Write out only the tail of the records, beginning at the line containing "男士内裤男纯棉红内裤本命年龙年送男友四角裤衩平角裤头男生 颜色随机 2条" and including the last line, exactly as written.
[Opening Source records section]
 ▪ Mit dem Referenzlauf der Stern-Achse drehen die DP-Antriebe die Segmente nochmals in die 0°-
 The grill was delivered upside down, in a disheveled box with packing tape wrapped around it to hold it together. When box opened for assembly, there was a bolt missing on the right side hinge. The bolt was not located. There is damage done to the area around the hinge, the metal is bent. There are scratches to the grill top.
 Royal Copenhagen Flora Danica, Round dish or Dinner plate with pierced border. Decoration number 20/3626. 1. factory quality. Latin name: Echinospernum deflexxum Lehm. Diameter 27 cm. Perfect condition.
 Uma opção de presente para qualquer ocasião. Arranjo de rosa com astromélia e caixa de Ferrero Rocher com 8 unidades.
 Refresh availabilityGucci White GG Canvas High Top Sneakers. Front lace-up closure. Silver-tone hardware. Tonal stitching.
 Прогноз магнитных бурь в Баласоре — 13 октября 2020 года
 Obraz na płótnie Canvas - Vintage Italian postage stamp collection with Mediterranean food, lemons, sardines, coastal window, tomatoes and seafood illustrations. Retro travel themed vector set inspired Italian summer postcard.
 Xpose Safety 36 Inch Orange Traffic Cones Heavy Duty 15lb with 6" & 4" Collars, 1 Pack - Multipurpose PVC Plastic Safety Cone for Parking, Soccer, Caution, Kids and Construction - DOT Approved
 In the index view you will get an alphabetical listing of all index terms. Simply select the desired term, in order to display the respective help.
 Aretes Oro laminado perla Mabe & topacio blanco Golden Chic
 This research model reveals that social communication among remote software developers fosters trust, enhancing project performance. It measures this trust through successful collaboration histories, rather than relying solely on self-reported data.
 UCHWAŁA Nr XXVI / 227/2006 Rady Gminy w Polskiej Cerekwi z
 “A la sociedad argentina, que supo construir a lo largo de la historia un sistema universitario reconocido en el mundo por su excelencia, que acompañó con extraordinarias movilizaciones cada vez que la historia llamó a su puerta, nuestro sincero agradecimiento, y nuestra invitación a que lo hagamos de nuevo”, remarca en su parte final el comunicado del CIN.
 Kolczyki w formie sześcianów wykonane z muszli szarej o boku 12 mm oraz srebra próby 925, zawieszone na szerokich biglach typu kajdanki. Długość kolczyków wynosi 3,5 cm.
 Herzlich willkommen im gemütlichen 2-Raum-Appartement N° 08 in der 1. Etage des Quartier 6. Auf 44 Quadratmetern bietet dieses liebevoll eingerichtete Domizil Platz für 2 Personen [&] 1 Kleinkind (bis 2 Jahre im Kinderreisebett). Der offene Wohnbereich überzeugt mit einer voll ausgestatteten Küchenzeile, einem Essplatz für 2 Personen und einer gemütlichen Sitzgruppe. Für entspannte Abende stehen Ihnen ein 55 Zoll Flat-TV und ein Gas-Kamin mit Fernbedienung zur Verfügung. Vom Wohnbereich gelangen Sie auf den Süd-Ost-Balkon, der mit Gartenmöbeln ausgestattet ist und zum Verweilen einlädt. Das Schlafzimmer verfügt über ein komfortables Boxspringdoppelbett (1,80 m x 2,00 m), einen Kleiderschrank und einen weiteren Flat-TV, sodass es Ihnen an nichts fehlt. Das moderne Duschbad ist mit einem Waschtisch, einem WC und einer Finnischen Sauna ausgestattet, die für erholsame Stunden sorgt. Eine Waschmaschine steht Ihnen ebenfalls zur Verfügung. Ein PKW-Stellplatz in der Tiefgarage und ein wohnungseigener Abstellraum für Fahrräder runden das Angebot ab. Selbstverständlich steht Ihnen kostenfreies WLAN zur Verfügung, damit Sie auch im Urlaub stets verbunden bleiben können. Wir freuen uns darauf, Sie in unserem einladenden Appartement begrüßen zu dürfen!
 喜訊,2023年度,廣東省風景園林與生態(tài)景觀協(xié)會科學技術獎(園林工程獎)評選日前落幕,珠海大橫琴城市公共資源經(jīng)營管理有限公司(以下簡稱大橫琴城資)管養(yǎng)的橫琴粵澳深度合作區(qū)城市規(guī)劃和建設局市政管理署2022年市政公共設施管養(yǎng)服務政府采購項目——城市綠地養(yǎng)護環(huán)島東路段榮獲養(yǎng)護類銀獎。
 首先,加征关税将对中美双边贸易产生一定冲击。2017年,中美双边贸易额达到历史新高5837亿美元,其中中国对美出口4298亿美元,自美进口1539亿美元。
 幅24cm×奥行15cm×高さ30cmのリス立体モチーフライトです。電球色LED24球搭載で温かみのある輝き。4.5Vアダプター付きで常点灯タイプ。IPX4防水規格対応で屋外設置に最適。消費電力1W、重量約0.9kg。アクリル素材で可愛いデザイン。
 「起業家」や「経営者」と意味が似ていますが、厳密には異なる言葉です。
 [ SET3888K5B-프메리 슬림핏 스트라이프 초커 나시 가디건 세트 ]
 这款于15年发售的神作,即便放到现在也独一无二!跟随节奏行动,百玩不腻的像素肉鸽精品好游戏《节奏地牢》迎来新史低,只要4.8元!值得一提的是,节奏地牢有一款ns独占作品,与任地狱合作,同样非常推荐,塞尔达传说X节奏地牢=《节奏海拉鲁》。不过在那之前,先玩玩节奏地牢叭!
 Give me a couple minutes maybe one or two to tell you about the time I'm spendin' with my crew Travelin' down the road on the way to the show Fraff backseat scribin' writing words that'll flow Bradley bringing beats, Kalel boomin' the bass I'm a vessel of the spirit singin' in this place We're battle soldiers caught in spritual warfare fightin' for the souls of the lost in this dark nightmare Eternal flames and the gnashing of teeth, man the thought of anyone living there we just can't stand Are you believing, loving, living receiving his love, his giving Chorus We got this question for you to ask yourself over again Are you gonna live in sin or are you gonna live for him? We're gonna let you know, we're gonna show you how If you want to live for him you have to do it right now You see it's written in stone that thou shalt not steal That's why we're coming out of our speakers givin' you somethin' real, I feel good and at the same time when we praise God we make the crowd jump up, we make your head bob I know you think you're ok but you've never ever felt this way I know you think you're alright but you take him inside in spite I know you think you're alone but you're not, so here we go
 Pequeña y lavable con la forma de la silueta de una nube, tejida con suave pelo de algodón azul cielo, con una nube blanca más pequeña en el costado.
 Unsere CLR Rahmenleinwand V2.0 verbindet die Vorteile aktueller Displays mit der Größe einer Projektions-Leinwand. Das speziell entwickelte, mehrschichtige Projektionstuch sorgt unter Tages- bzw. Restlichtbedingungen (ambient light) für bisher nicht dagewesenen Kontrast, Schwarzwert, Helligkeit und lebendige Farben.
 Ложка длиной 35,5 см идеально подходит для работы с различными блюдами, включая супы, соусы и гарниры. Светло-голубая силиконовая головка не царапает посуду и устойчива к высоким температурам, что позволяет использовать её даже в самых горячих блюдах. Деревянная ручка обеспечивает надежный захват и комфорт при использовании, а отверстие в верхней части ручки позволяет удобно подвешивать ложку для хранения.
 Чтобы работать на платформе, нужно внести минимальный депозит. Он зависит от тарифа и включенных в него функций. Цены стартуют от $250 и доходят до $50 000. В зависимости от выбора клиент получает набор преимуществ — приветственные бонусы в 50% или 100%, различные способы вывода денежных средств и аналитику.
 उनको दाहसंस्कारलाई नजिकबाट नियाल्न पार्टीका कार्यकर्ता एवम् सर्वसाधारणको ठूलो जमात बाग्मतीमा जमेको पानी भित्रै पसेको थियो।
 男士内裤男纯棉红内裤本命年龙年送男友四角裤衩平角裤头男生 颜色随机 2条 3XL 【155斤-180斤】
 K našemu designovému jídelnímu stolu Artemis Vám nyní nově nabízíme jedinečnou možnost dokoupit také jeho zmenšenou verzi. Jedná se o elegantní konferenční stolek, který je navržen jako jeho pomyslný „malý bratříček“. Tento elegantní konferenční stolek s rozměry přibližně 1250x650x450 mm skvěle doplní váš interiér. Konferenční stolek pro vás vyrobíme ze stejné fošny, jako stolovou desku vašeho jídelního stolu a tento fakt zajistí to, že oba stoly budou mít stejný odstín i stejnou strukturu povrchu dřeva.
[Closing Source records section]
Result for this task>
 男士内裤男纯棉红内裤本命年龙年送男友四角裤衩平角裤头男生 颜色随机 2条 3XL 【155斤-180斤】
 K našemu designovému jídelnímu stolu Artemis Vám nyní nově nabízíme jedinečnou možnost dokoupit také jeho zmenšenou verzi. Jedná se o elegantní konferenční stolek, který je navržen jako jeho pomyslný „malý bratříček“. Tento elegantní konferenční stolek s rozměry přibližně 1250x650x450 mm skvěle doplní váš interiér. Konferenční stolek pro vás vyrobíme ze stejné fošny, jako stolovou desku vašeho jídelního stolu a tento fakt zajistí to, že oba stoly budou mít stejný odstín i stejnou strukturu povrchu dřeva.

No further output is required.